The Dairy Farmers of Canada recently commissioned von Keyserlingk and her colleagues to conduct further research.

She stressed that sustainable dairy farms must strive to remain “socially acceptable.” Ultimately, that means doing what the consumer wants. The “thoughtful person on the street” is troubled at the idea of removing calves from their mothers, she asserted. While farmers are focused on animal health, consumers are now “worried about the emotional states of animals,” she said.

Von Keyserlingk pointed to a 2016 survey that asked consumers to describe the ideal dairy farm. “What we got was cows on pasture and calves at foot.”

Another survey of nearly 1,500 Americans and Canadians found they supported the concept of a single cow raising her own calf as the most ideal cow-calf management system. She compared the separation of cows and calves to tail-docking, which ended in 2008 partly because of the public’s “visceral reaction” to the practice.

The science shows no disease-prevention or performance benefits often attributed to early cow-calf separation, she said. A 2019 meta-analysis of more than 60 scientific papers found that a prolonged suckling period lowered calf mortality, did not worsen Johne’s disease transmission and reduced scours. The same analysis found lower cow mastitis rates.

Another meta-analysis of more than 50 papers, found that by keeping calves with their mothers for a longer period of time had a more positive than negative impact on milk production. The calve, more often than now, also gained more weight.

Von Keyserlink also brandished survey evidence suggesting a good number of dairy farmers disagree with separating calves from their mothers hours after they’re born. It’s a good strategy to admit that fact when a member of the public asks about the practice, she advised. “Start with the fact that you hate it. Because now you’re aligning with their values. And say to them, ‘Look, I don’t know how to do this right now, but in 20 or 25 years, if somebody can figure out how I can keep cows and calves together, I’m the first one there.’”

“But if you just say, look, you don’t understand my business; trust me, you’ve lost them.”

Consumers need to be kept onside, she added later, “because in many ways, you need them a whole lot more than they need you.”

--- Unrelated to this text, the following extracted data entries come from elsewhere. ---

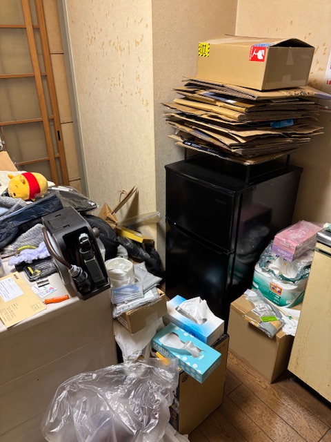 現場となった1DKの室内には、日用品や生活ゴミ、段ボール、衣類、家電製品などが点在していましたが、お客様の事前整理によって、大まかな分別が済んでおり、スムーズに作業を進めることができました。
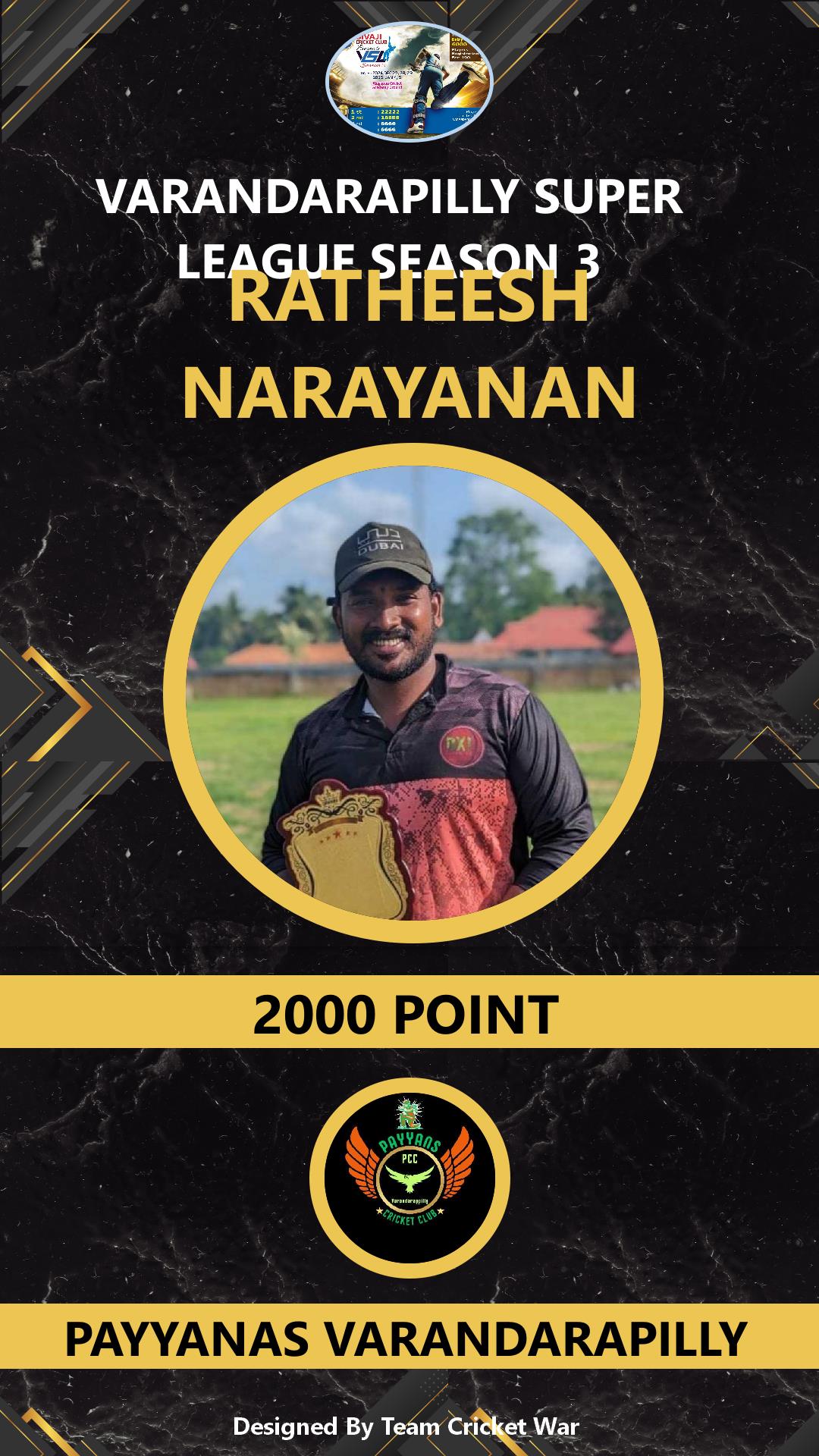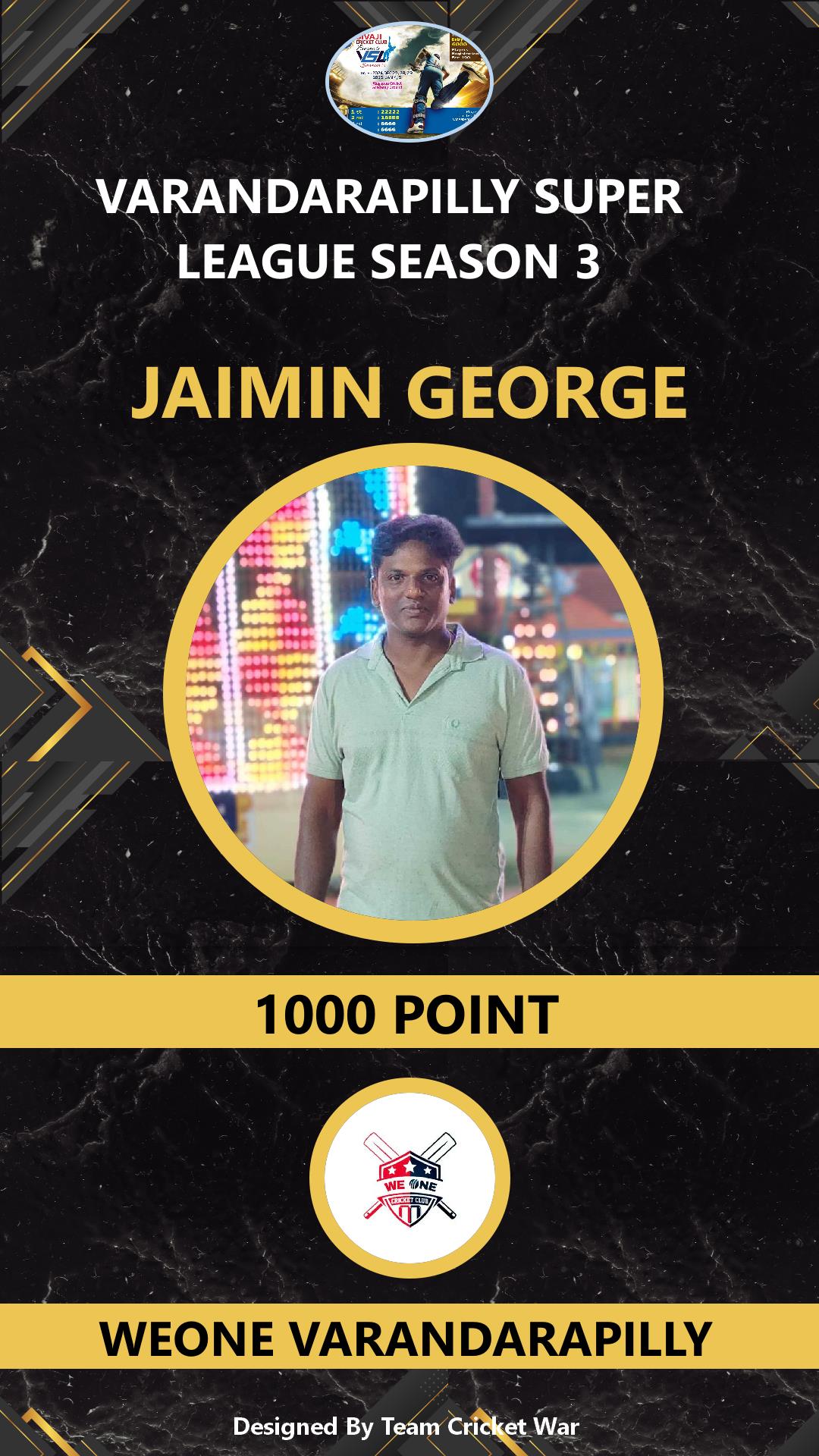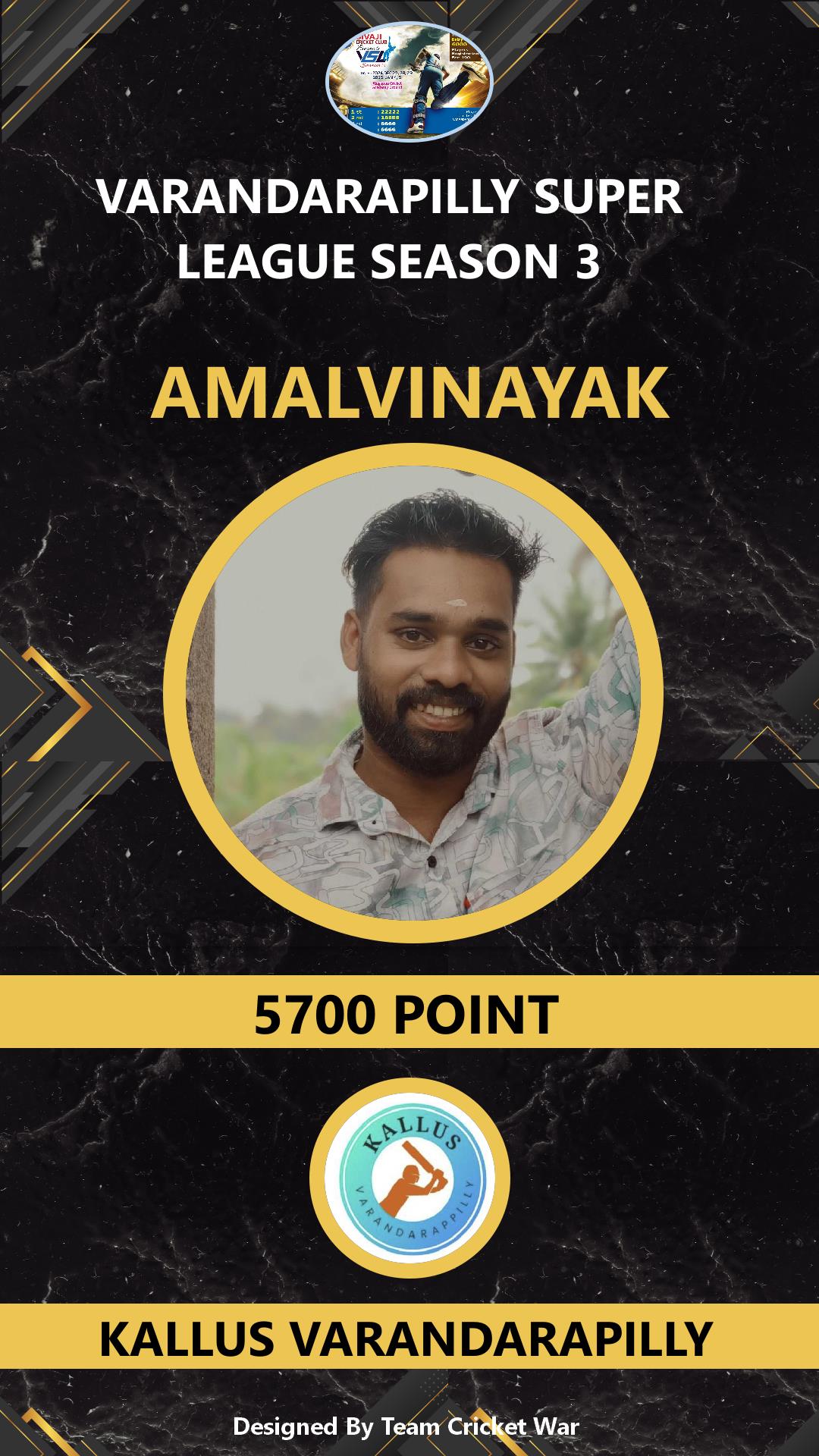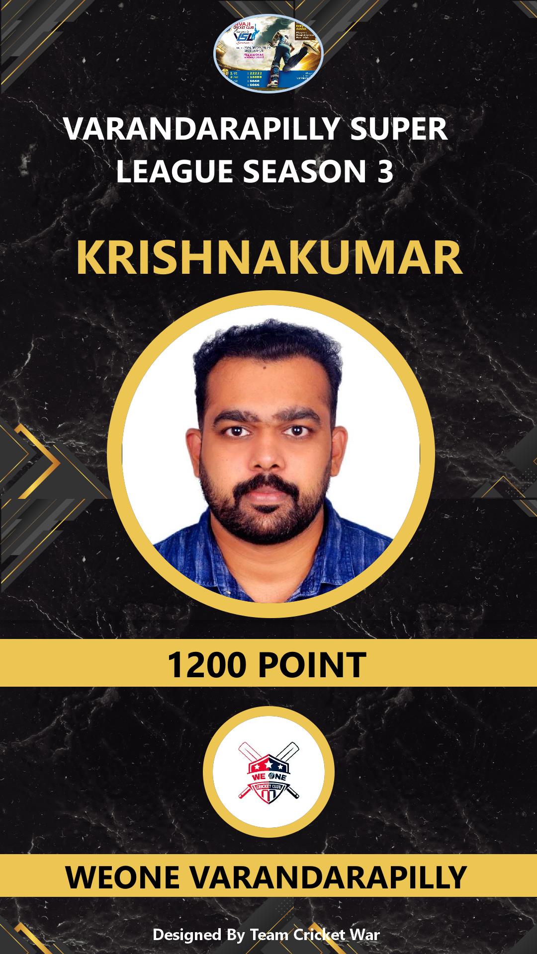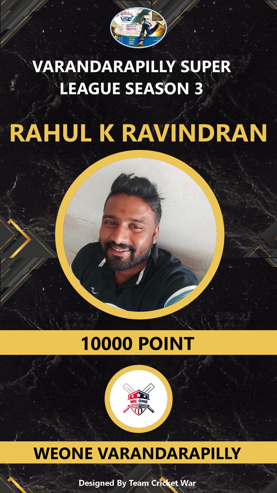 ALLROUNDER, AGE : 34 KALLUR Bid Amount : 1000 Team : WEONE VARANDARAPILLY Download ID Card |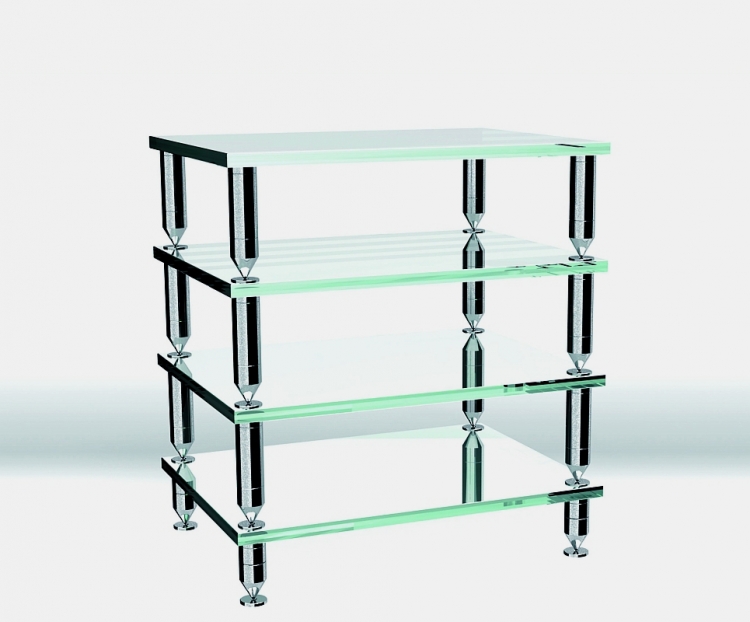 ist eine Verbindung aus mehreren Schichten Glas. Diese Glas wurde durch innovative Materialverbindung speziell für den Bereich High End entwickelt. Die Transparenz des Glases wird hierdurch nicht beeinträchtigt. Schallwellen und Schwingungen die durch den Raum und über den direkten Kontakt von Geräten (Gerätefüße) auf das Soundglas wirken, werden durch die Schichten absorbiert. Während der Absorption (dissipatives Prinzip) werden die Schwingungen in dem Polymer in Wärme umgewandelt. Nach intensiven Testreihen mit immer wieder unterschiedlichen Mixturen und kritischen Testpersonen haben uns jetzt die ersten Präsentationen bestätigt, ein Bauteil entwickelt zu haben, dessen Unterschied jeden High-fidelity Hörer begeistern wird. Dadurch bieten sich neuartige gestalterische Möglichkeiten, designorientierte, wohnliche Möbel und Klang zu kombinieren, was momentan nur technische Racks erfüllen können.

Ottawa dairy farmer Peter Ruiter told Farmers Forum there was “not a chance” that prolonged cow-calf contact is currently achievable. “If you’re already a well-managed farm, I don’t think you’re going to get the results they’re seeing from cow-calf relationships,” Ruiter said.

Ruiter regularly hosts visitors and noted that no one has ever challenged him for raising calves separately from cows. “They don’t. I put them in human terms. They go into an ‘incubator,’ as happens in a hospital.

Ruiter thinks that too much credence is given to the 5 % of the population that will never change its mind. If you tell people the story of how good a job farmers are doing, “I think that alleviates 90 % of the problem,” he said.

Brockville dairy farmer Ralph Williams said the concept was good, “you’re going to need a bigger facility, more costs. And then you’re going to have to have some way to put them in a different place when they reach a certain size. “It’s an awful expense.”

Said Russell dairy farmer Ian Burnett: “Assuming somebody figures out a workable system, it would be something to think about when building a new barn a decade from now.”

“I think there’s a lot of studies that have to be done,” Moose Creek producer Sonia Martin said. I’m sure it’s doable, but there’s a lot of thought that would have to go into it. I had a cow give twins overnight, and by the next morning she had squashed one. Don’t tell me there’s no fatalities (having calves in with the production herd). Let’s be real here.”